Great Expectations (dagster-ge)
- dagster_ge.ge_validation_op_factory
- beta
This API is currently in beta, and may have breaking changes in minor version releases, with behavior changes in patch releases.
Generates ops for interacting with Great Expectations.
Parameters:
-
-
name (str) – the name of the op
-
datasource_name (str) – the name of your DataSource, see your great_expectations.yml
-
data_connector_name (str) – the name of the data connector for this datasource. This should point to a RuntimeDataConnector.
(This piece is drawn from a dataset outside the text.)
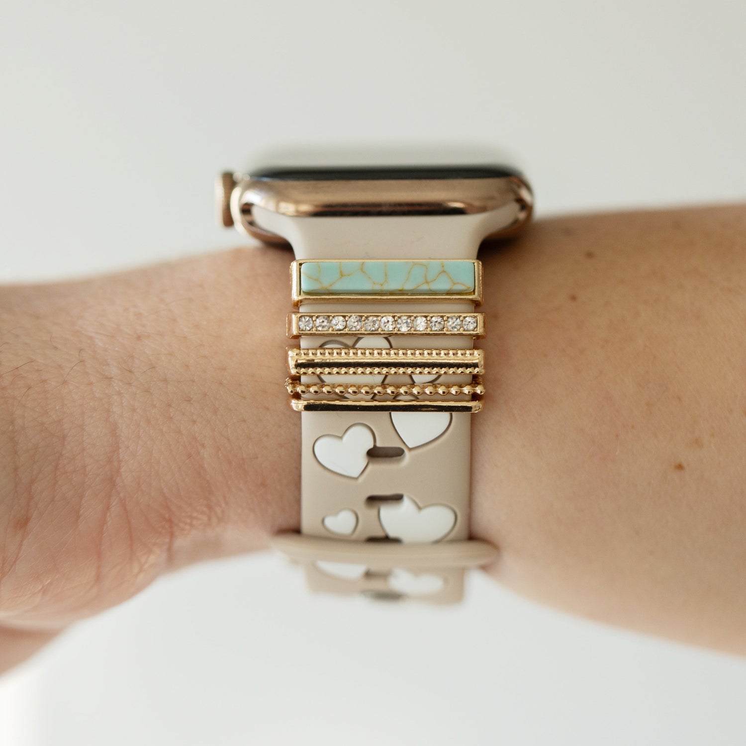 This stunning molded, leopard textured silicone band, is adorned with turquoise stone, and rhinestone charms. Charms are available in gold and silver. It is made from the softest silicone, to give you the most comfortable fit. You can wear it all day, as its luxe design makes it perfect for work, and play. It also makes the perfect gift.

For information on how to set this up, see: https://docs.greatexpectations.io/docs/guides/connecting_to_your_data/how_to_create_a_batch_of_data_from_an_in_memory_spark_or_pandas_dataframe
-
data_asset_name (str) – the name of the data asset that this op will be validating.
-
suite_name (str) – the name of your expectation suite, see your great_expectations.yml
-
batch_identifier_fn (dict) – A dicitonary of batch identifiers to uniquely identify this batch of data. To learn more about batch identifiers, see: https://docs.greatexpectations.io/docs/reference/datasources#batches.
-
input_dagster_type (DagsterType) – the Dagster type used to type check the input to the op. Defaults to dagster_pandas.DataFrame.
-
runtime_method_type (str) – how GE should interperet the op input. One of (“batch_data”, “path”, “query”). Defaults to “batch_data”, which will interperet the input as an in-memory object. extra_kwargs (Optional[dict]) –
adds extra kwargs to the invocation of ge_data_context’s get_validator method. If not set, input will be:
{ "datasource_name": datasource_name, "data_connector_name": data_connector_name, "data_asset_name": data_asset_name, "runtime_parameters": { "<runtime_method_type>": <op input> }, "batch_identifiers": batch_identifiers, "expectation_suite_name": suite_name, }
-
Returns: An op that takes in a set of data and yields both an expectation with relevant metadata and an output with all the metadata (for user processing)
-